Le procès de Ratko Mladic va-t-il être lié à celui de Radovan Karadzic?

Cela risque d’être difficile, puisque le procès de Karadzdic est déjà bien avancé. Cependant, le procureur étudie «toutes les possibilités» concernant une éventuelle jonction des deux procès. Radovan Karadzic et Ratko Mladic sont accusés des mêmes crimes de guerre, crimes contre l'humanité et génocide commis durant la guerre de Bosnie (1992-1995), dans lesquels ils ont tenu des rôles différents, a souligné Frédérick Swinnen, conseiller spécial de Serge Brammertz.

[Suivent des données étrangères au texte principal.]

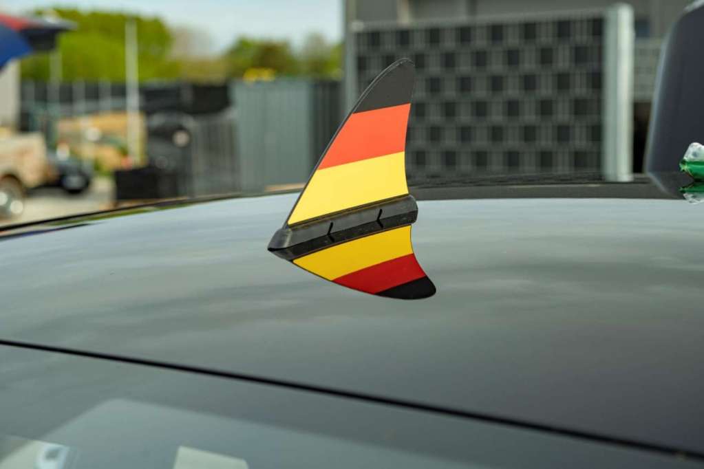 Bunte Fanflossen werden mit einem starken Magneten auf dem Autodach platziert. Die Testflosse ist zugelassen für 180 km/h; empfohlen wird die Richtgeschwindigkeit von 130 km/h. Auf der Teststrecke bewegte sie sich nicht. Trotzdem ist sie nach Einschätzung von ACE und GTÜ nicht für die Autobahn geeignet: Sitzt sie nicht gerade oder gibt es starke Seitenwinde, kann die Flosse abfallen und zum gefährlichen Geschoss werden.

«Ils étaient tous les deux très haut placés, l'un était politique et l'autre militaire: c'est pour cela qu’on parle de joindre les deux dossiers, mais cela ne sera pas facile», a-t-il reconnu. Les deux hommes pourraient être jugés ensemble uniquement sur une partie des faits, comme par exemple le cas du massacre de Srebrenica.

Ce procès risque-t-il d’avoir des conséquences en ex-Yougoslavie?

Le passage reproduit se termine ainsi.